> **Stored items**
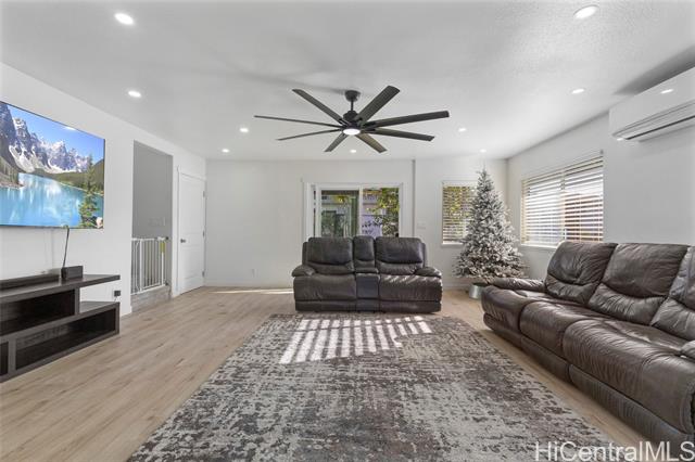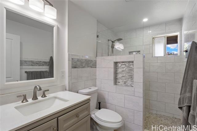 This large, renovated Wahiawa Heights property is perfect for big families or multi-generational living. At almost 2,000 SF of interior space and two bedrooms on the bottom floor, the extensive, flexible floor plan provides the space you are looking for. Renovated in 2023, almost everything feels new. From new lighting and electrical, plumbing, flooring, cabinets, and more, this is not your typical Wahiawa Home. Located up in the heights, the level 6,500+ SF yard is fully enclosed for added safety and privacy. Once you see it in person, you'll fall in love! Call your realtor today!
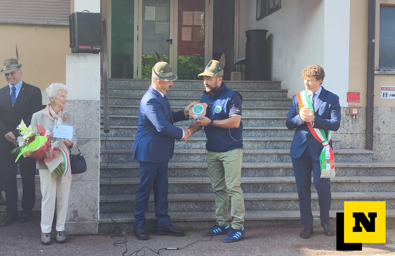 Rimarcando di far parte tutti di una grande famiglia, Invernizzi ha chiamato al suo fianco Carla Villa, madrina delle penne nere di Brivio, omaggiata con dei fiori e una targa. Omaggio, quest’ultmo, consegnato anche all’amministrazione comunale e al capogruppo Perego.
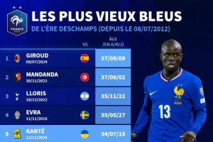 體育資訊11月15日訊 世預(yù)賽歐洲區(qū)比賽,坎特踢滿全場(chǎng),幫助法國(guó)主場(chǎng)4-0擊敗烏克蘭,德轉(zhuǎn)列出了德尚執(zhí)教法國(guó)隊(duì)以來(lái)年齡最大出場(chǎng)球員排名,吉魯居首,坎特排在第5位。
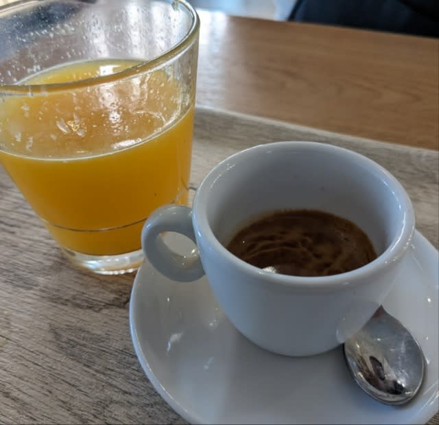 何の気無しにオーダーしたオレンジジュースがフレッシュで美味しい。◀5€
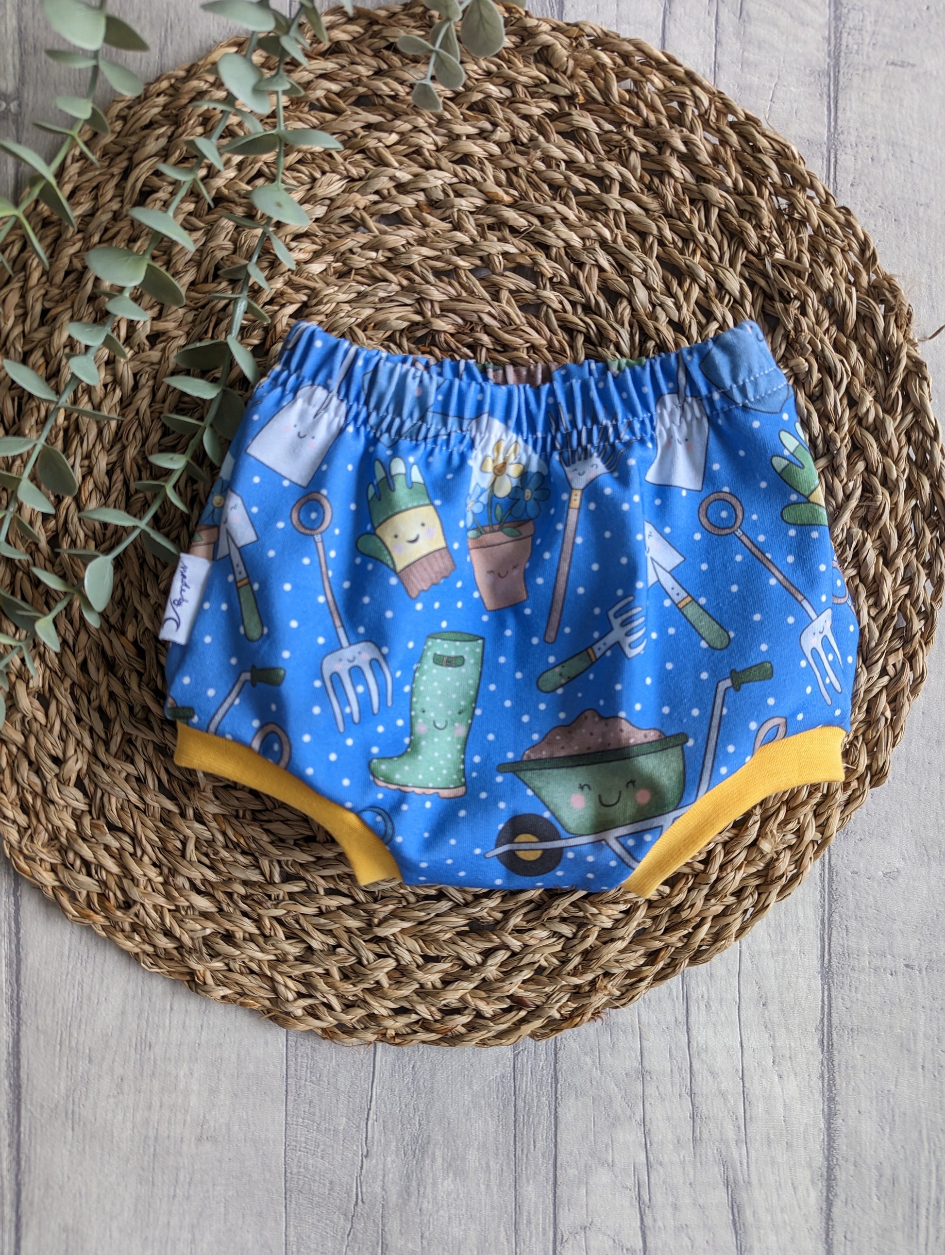 Our bummies are a relaxed fit bummie/bloomer type short, they finish at the top of the thighs with a jersey band. They have an enclosed and fixed elasticated waistband. Cloth nappy friendly.

> **EXERCISE DESCRIPTION**
Transcribe every entry word for word, excluding images.

> **TASK RESPONSE**
 This large, renovated Wahiawa Heights property is perfect for big families or multi-generational living. At almost 2,000 SF of interior space and two bedrooms on the bottom floor, the extensive, flexible floor plan provides the space you are looking for. Renovated in 2023, almost everything feels new. From new lighting and electrical, plumbing, flooring, cabinets, and more, this is not your typical Wahiawa Home. Located up in the heights, the level 6,500+ SF yard is fully enclosed for added safety and privacy. Once you see it in person, you'll fall in love! Call your realtor today!
 Rimarcando di far parte tutti di una grande famiglia, Invernizzi ha chiamato al suo fianco Carla Villa, madrina delle penne nere di Brivio, omaggiata con dei fiori e una targa. Omaggio, quest’ultmo, consegnato anche all’amministrazione comunale e al capogruppo Perego.
 體育資訊11月15日訊 世預(yù)賽歐洲區(qū)比賽,坎特踢滿全場(chǎng),幫助法國(guó)主場(chǎng)4-0擊敗烏克蘭,德轉(zhuǎn)列出了德尚執(zhí)教法國(guó)隊(duì)以來(lái)年齡最大出場(chǎng)球員排名,吉魯居首,坎特排在第5位。
 何の気無しにオーダーしたオレンジジュースがフレッシュで美味しい。◀5€
 Our bummies are a relaxed fit bummie/bloomer type short, they finish at the top of the thighs with a jersey band. They have an enclosed and fixed elasticated waistband. Cloth nappy friendly.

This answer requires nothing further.